Термин «экономическая власть» многозначен и до сих пор не вошел в мейнстрим. Вместе с тем предлагаемая нами интерпретация позволяет расширить возможности исследования влияния крупного бизнеса на экономику за рамки традиционного анализа отраслевых рынков, а «корпоративную власть» можно рассматривать как одно из проявлений экономической власти.

Если потенциал рыночной власти моноотраслевой фирмы можно оценить как ее долю в отраслевом выпуске, то потенциал экономической власти диверсифицированной корпорации можно оценить, измерив степень ее присутствия во всех отраслях и регионах. Приобретая новые активы, корпорация увеличивает свою экономическую власть и получает возможность извлекать дополнительные выгоды.

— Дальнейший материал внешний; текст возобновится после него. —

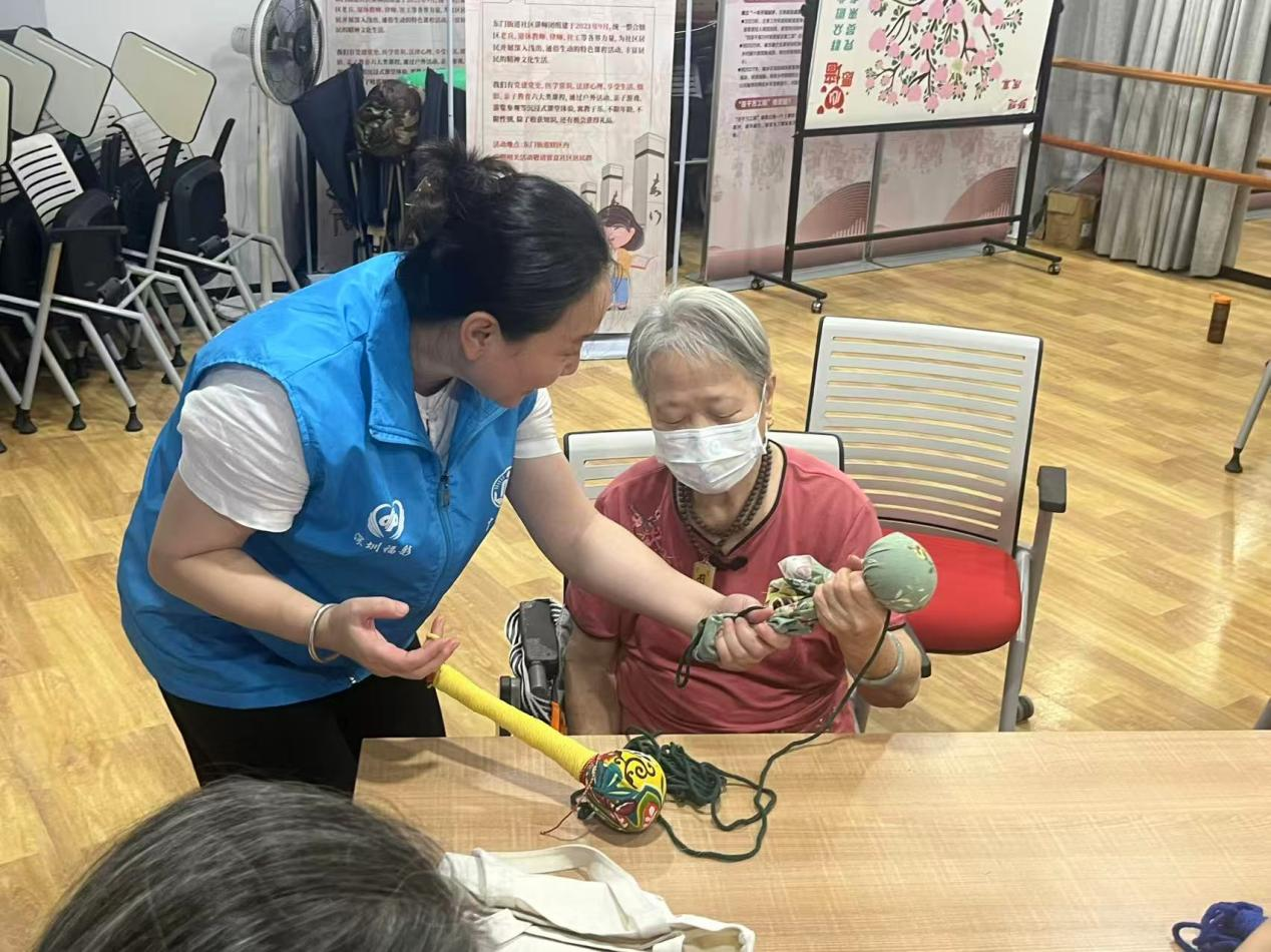 讲解结束后,社工现场演示了艾草锤制作的全过程。从干艾草的整理、棉布的裁剪,到艾草的填充、棉线的缝合,再到最后的结饰点缀,每一个步骤都讲解得细致入微,生怕老人们看不清楚。老人们看得兴致勃勃,跃跃欲试。随后,大家便迫不及待地投入到亲手制作艾草锤的环节中。他们在工作人员的耐心指导下,根据自己的喜好和中医老师的建议,认真地整理艾草、填充棉布、缝合边缘,忙得不亦乐乎。不少老人还结合自身的身体状况调整艾草的填充量,在创作中感受着独特的乐趣,活动室内充满了专注与欢乐的气息。

С точки зрения новой институциональной теории включение властных отношений в предмет экономического анализа означает расширение модели рационального выбора за счет введения в нее предпосылки неравенства (асимметрии) агентов трансакций (Williamson, 1981). В нашем случае такими агентами будут крупные корпорации, которые в силу своих размеров, положения на рынке, близости к властным структурам и других обстоятельств обладают возможностями, отсутствующими у других хозяйствующих субъектов.

Асимметрия проявляется как в отношении трансакций, осуществляемых с независимыми агентами, так и во внутренних (внутригруппо-вых) трансакциях с агентами, включенными в схемы корпоративного контроля — дочерними и зависимыми компаниями, структурными подразделениями. Чем больше совокупный объем трансакций, осуществляемых с участием корпорации, тем больше потенциальных выгод могут извлечь собственники и топ-менеджеры корпораций из описанной выше асимметрии.

Увеличить объем трансакций для каждой отдельно взятой корпорации можно двумя принципиально разными способами. Первый — за счет создания новых и развития действующих направлений бизнеса (компаний), то есть органического роста. Второй — за счет присоединения и поглощения других компаний, то есть неорганического роста, который, в отличие от первого, не увеличивает, а перераспределяет добавленную стоимость, созданную в экономике.

Если корпорация приобретает контроль над независимой компанией или компанией, ранее контролируемой другой корпорацией, то это увеличивает ее экономическую власть. Аналогичный результат дает и органический рост корпорации при условии, что она растет быстрее конкурентов. Это означает, что последствия однонаправленных изменений концентрации экономической власти могут быть диаметрально противоположными даже в одной стране в разные периоды. Так, ставка на государственную поддержку развития крупного многопрофильного бизнеса в Южной Корее и Японии позволила добиться впечатляющих экономических результатов. В то же время после длительного периода экономического роста такая модель развития стала давать сбои и вынудила, в частности, правительство Южной Кореи серьезно переформатировать отношения с крупным бизнесом, ввести дополнительные ограничения и сократить преференции для деятельности чеболей.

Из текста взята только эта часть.